We’ve all been there—spending hours on Google Fonts, trying endless combinations, only to default to Roboto, Poppins, Inter, or Montserrat.
But what if font pairing wasn’t just about aesthetics, but science?
Typography follows mathematical principles that can help you predict which fonts will work best together. Understanding x-height ratios, character width, and rhythm can take your designs to the next level.
Learn the science behind font pairing and make more confident design choices:
I will say it was better than I thought. It does talk about a lot of useful global properties of typefaces. However, in the context of typeface pairing and usage, it is vastly too oversimplified to be useful.
This particular framework is only really useful if you’re going to literally set two fonts in the same line. If you’re going to use different fonts in different places, you’d be surprised how much you can get away with in terms of choosing different fonts. (And the article does at least acknowledge you want to select certain properties to be intentionally different.)
Some tidbits to highlight how oversimplified the article is:
If each element of your content hierarchy is a different font size, x-height ratio literally doesn’t matter, in fact in many type families with optical sizes, the x-height even changes.
In many typefaces, the x-height increases with weight as an optical compensation, even if the size stays the same.
Stroke contrast should decrease as the font size gets smaller, a trait that serif families with optical sizes exhibit.
Stylistic compatibility can look like many things. Fonts can exhibit many different characteristics that are far too much to properly quantify, like the way joins are treated, squareness of curves, rotation of contrast, key details in certain characters (does the a have a tail? is the g double-storey? does the y have a tail?), etc. These small details can be enough to make a typeface pairing feel harmonized.
Also two things that are worth pointing out:
Verdana and Georgia were designed around the same time, both by Matthew Carter and commissioned by Microsoft as a pair of sans and sans-serif fonts both optimized for screens.
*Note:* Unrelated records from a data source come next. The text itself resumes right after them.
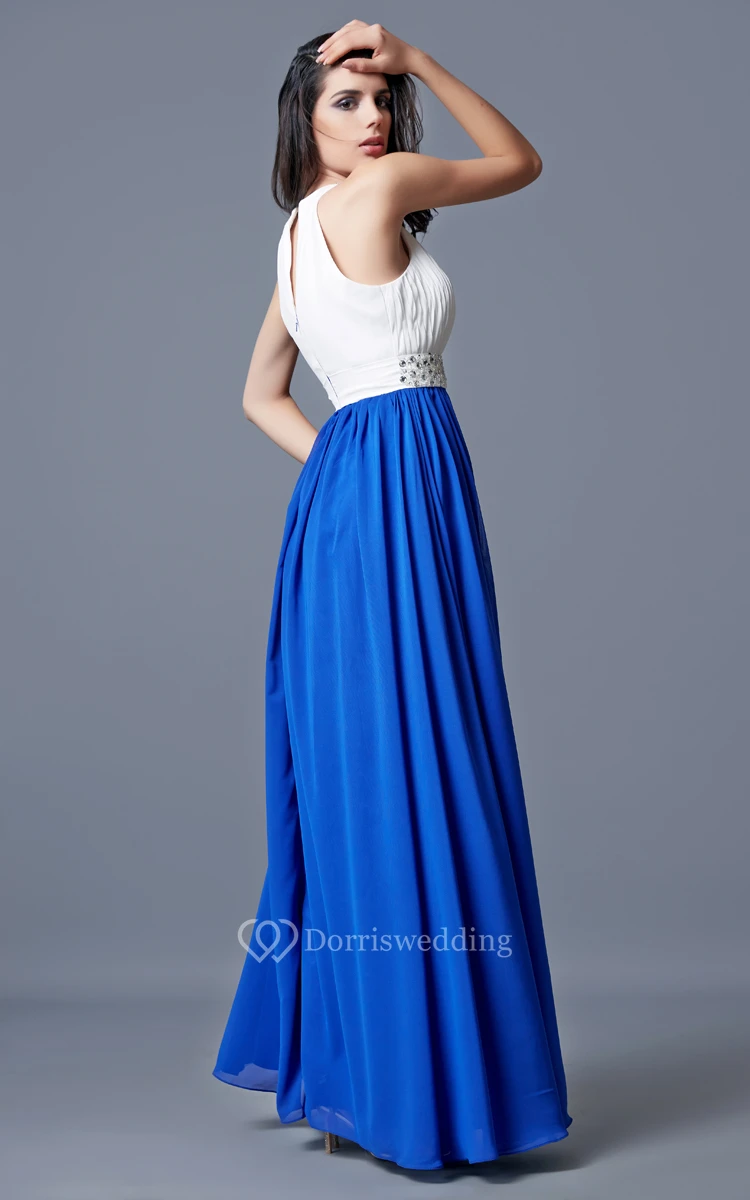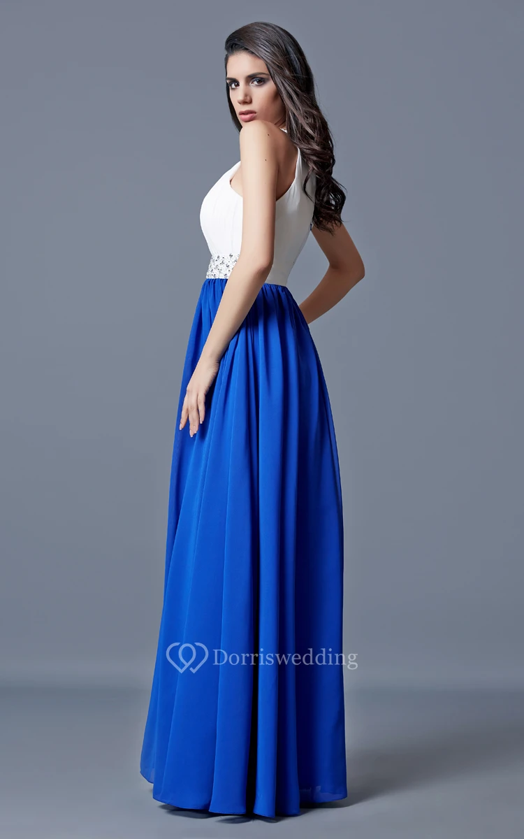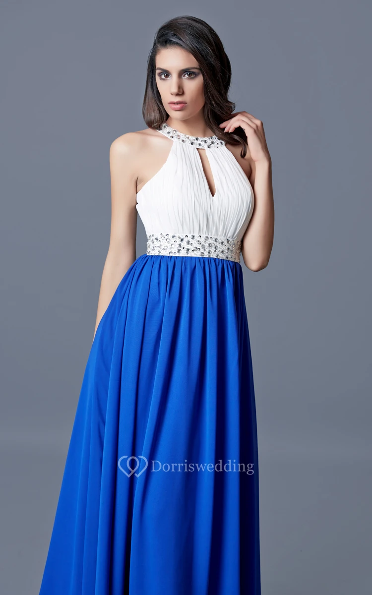 Beaded Neckline and Waist Long A-line Chiffon Dress
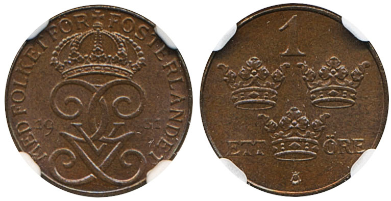 Coins, Sweden. Gustav V, MIS I.22, 1 öre 1931. Graded by NGC as MS65 BN. 0. See certification at NGC
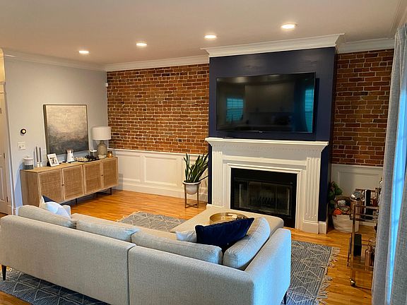 NO BROKER FEE! Charming 2 bedroom, 2 bathroom apartment with office nook in South Boston. Features include recently renovated kitchen and bathroom, rare 9'+ ceiling heights, exposed brick, central A/C, French doors off the living/kitchen area that lead to a large deck with a natural gas connect, wood-burning fireplace, dishwasher, hardwood floors, new stainless steel appliances, oversized storage in basement, in-unit washer/dryer and a large backyard. Pet friendly. Date Available: Sep 1st 2022. $4,000/month rent.
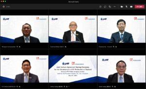 นายสุพัฒนพงษ์ พันธ์มีเชาว์ รองนายกรัฐมนตรีและรัฐมนตรีว่าการกระทรวงพลังงาน เป็นประธานใน พิธีลงนามความร่วมมือด้านการลงทุนอุตสาหกรรมยานยนต์ไฟฟ้าในประเทศไทย ระหว่าง บริษัท ปตท. จำกัด (มหาชน) กับ บริษัท หงไห่ พริซิชั่น อินดัสทรี จำกัด (Hon Hai Precision Industry Co., Ltd.) หรือ ฟ็อกซ์คอนน์ (Foxconn) ในรูปแบบเสมือนจริง (Virtual JVA Signing Ceremony) จัดขึ้น ณ กรุงเทพฯ ประเทศไทย และ กรุงไทเป ไต้หวัน เพื่อสร้างฐานการผลิตยานยนต์พลังงานไฟฟ้าในประเทศไทย โดยใช้ความเชี่ยวชาญของ ฟ็อกซ์คอนน์ ทางด้านนวัตกรรมเทคโนโลยีในการผลิตและพัฒนาแพลตฟอร์มยานยนต์ไฟฟ้า ผสานกับองค์ความรู้ การดำเนินธุรกิจในประเทศไทยของ กลุ่ม ปตท. ซึ่งจะช่วยผลักดันให้อุตสาหกรรมยานยนต์ในประเทศไทยเปลี่ยนผ่านสู่เทคโนโลยียานยนต์ไฟฟ้าสมัยใหม่ ส่งเสริมอุตสาหกรรมการผลิตและเศรษฐกิจของประเทศให้เติบโต และเพิ่มขีดความสามารถการแข่งขันในระดับสากลมากยิ่งขึ้น โดยมี นายอรรถพล ฤกษ์พิบูลย์ ประธานเจ้าหน้าที่บริหารและกรรมการผู้จัดการใหญ่ บริษัท ปตท. จำกัด (มหาชน) และ นาย ยัง ลวือ ประธานกรรมการและประธานเจ้าหน้าที่บริหารฟ็อกซ์คอนน์ (Mr. Young Liu, Chairman and CEO of Foxconn) ร่วมลงนาม โดยได้รับเกียรติจาก ศาสตราจารย์พิเศษ ดร.ทศพร ศิริสัมพันธ์ ประธานกรรมการ ปตท. นายนฤตม์ เทอดสถีรศักดิ์ รองเลขาธิการคณะกรรมการส่งเสริมการลงทุน ดร.ลัษมณ อรรถาพิช รองเลขาธิการคณะกรรมการนโยบายเขตพัฒนาพิเศษภาคตะวันออก นางสาวซีแอล ฮวง ประธานเจ้าหน้าที่บริหารการเงินทั่วไป หงไห่ เทคโนโลยี กรุ๊ป (Ms. C.L. Huang, General Chief Financial Officer of Hon Hai Technology Group) นายเดวิด ฮวง ประธานเจ้าหน้าที่บริหารการเงินฟ็อกซ์คอนน์ (Mr. David Huang, Chief Financial Officer of Foxconn) และ นายซีซี ลิน ผู้จัดการทั่วไป หงไห่ อี บิสซิเนส กรุ๊ป (Mr. C.C. Lin, GM of Hon Hai E Business Group) พร้อมด้วย ผู้บริหารระดับสูงจากหน่วยงานภาครัฐที่เกี่ยวข้อง ผู้บริหารระดับสูง ปตท. และ ฟ็อกซ์คอนน์ ร่วมเป็นสักขีพยาน
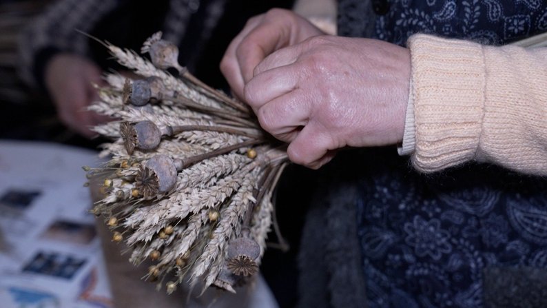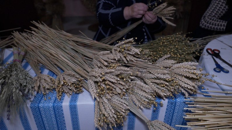 "Спочатку ми збираємо колосочки всілякі. І льон, і пшеницю, і жито, і овес. Складаємо по 7, так як в тижні сім днів. Далі по 12, потім по 30, і робимо дідушки такі".
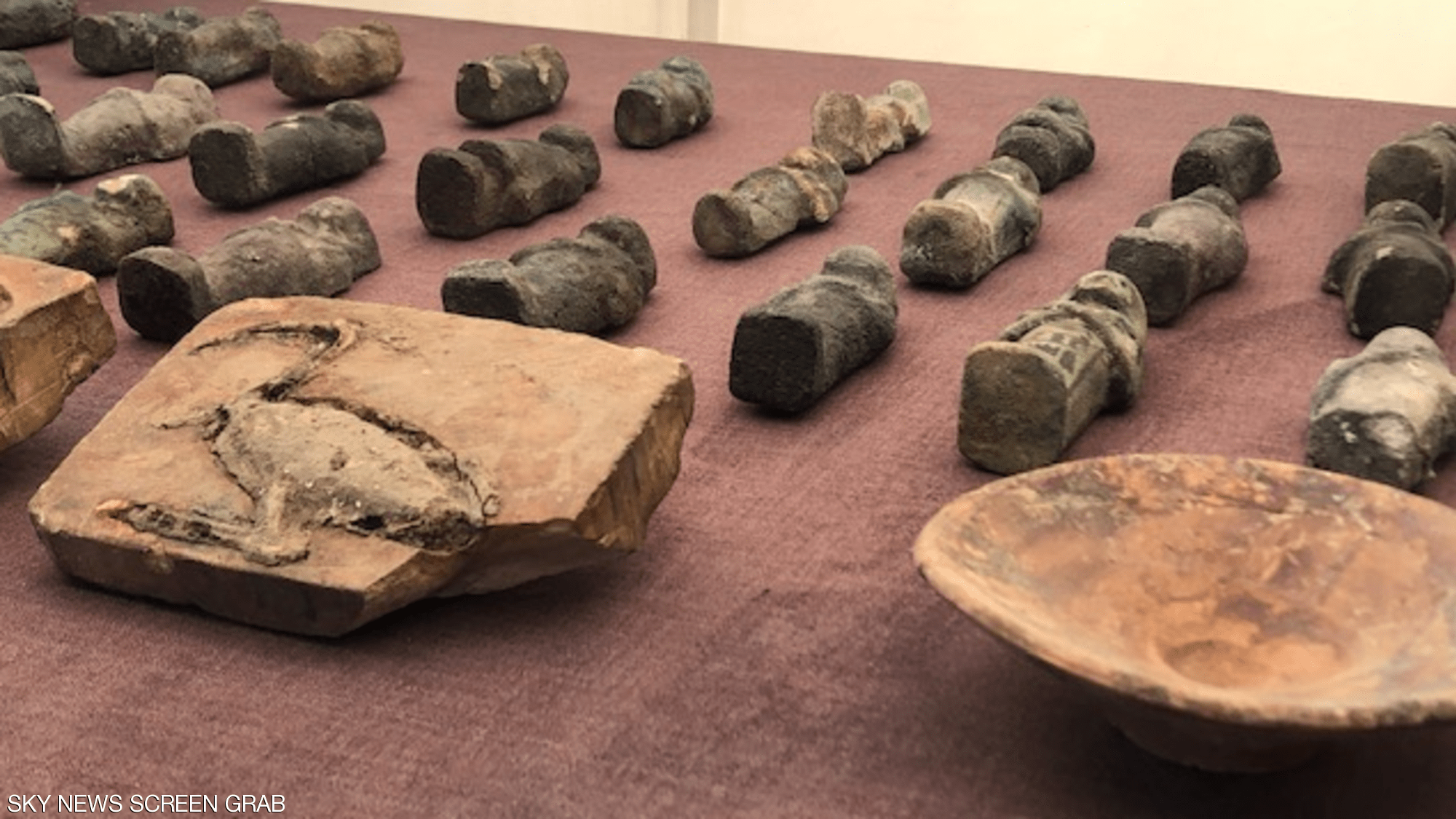 كما تم العثور على فناء مساحته 550 مترا مربعا، ومقصورة من الطوب اللبن وآبار، وآلاف التماثيل الصغيرة، وعدد من الأقنعة.
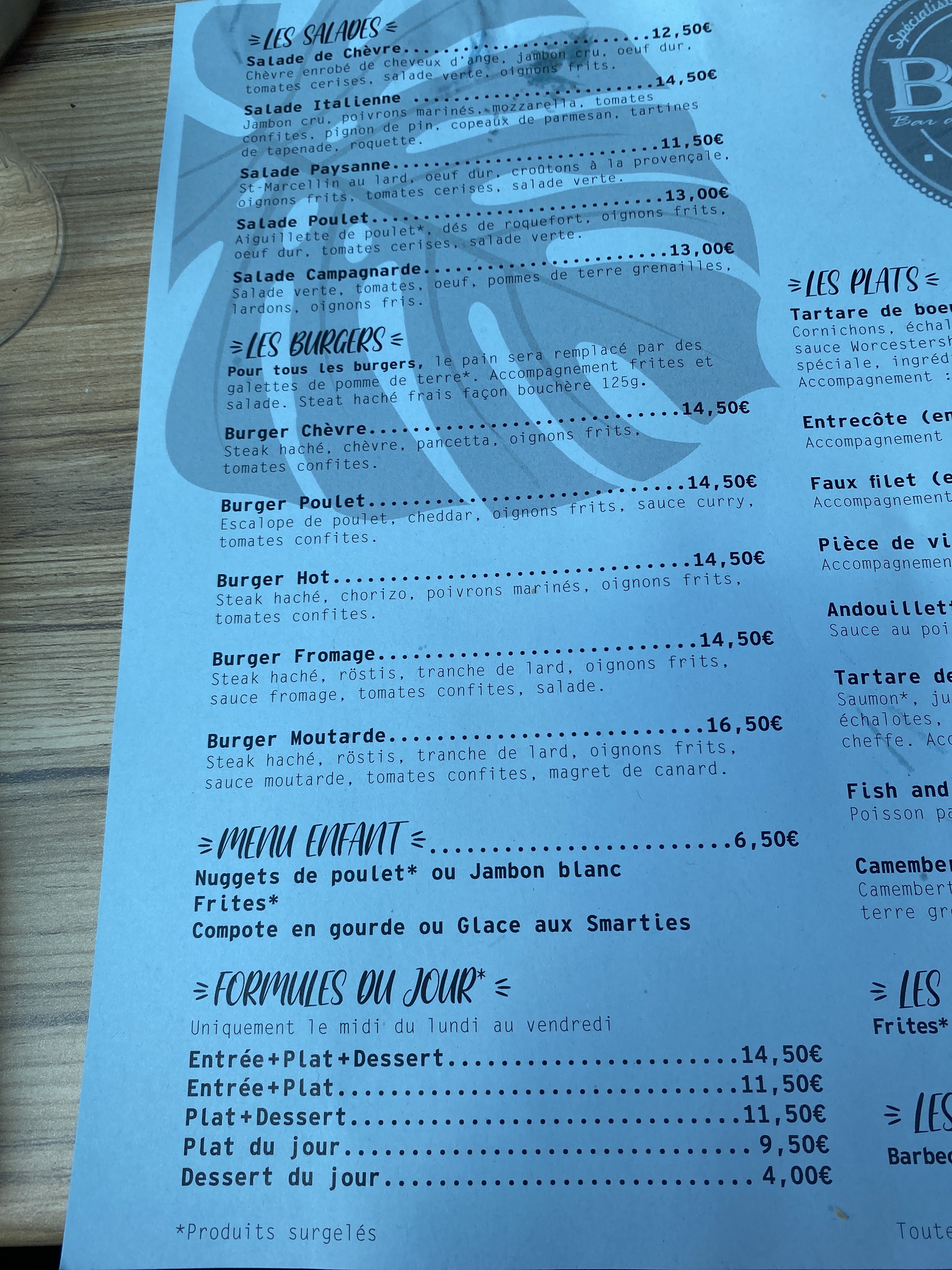 Déjeuner un midi. Service très moyen , il manque malheureusement pour eux du personnel. Ambiance : bof , serrés sur de petites tables. Cuisine : rapide, simple, prix correct. J ai dû demander de faire fondre le camembert ...qui était censé être fondu ! Sûrement plus sympa pour l ambiance en terrasse au soleil.
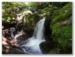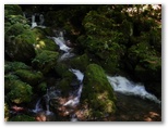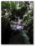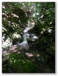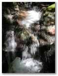 小滝が絶え間なく現れますが、水流の中心線を快調に進めました。倒木などの障害物がある場合でも、簡単に迂回できます。子供連れで来た場合、大きめの滝は迂回し、小さめの滝だけ登っても、十分にシャワークライミングが楽しめそうです。登山道が木橋で右岸から左岸に移る、その少し手前に、3m近くのすてきな小滝が見えてきました。水流がかなり強そうなので、デジカメをプラ袋に入れます。正面からまともにシャワーを受けながら登りました。

That’s why they’re similar.
I don’t think the baseline shift is necessary or even a good idea. You want a consistent baseline if you’re setting them in the same line, and if they’re in separate places of the page then the baseline shift doesn’t even matter anyway.
In my personal belief, the absolutely most essential resource in font pairing is Bethany Heck’s talk on multi-typeface design. Her Medium post is locked behind a paywall since I last read it, but you can still watch the talk (which goes into even more detail). If you don’t have the time to watch an hour-long talk, skip to the 53:51 mark for the summary.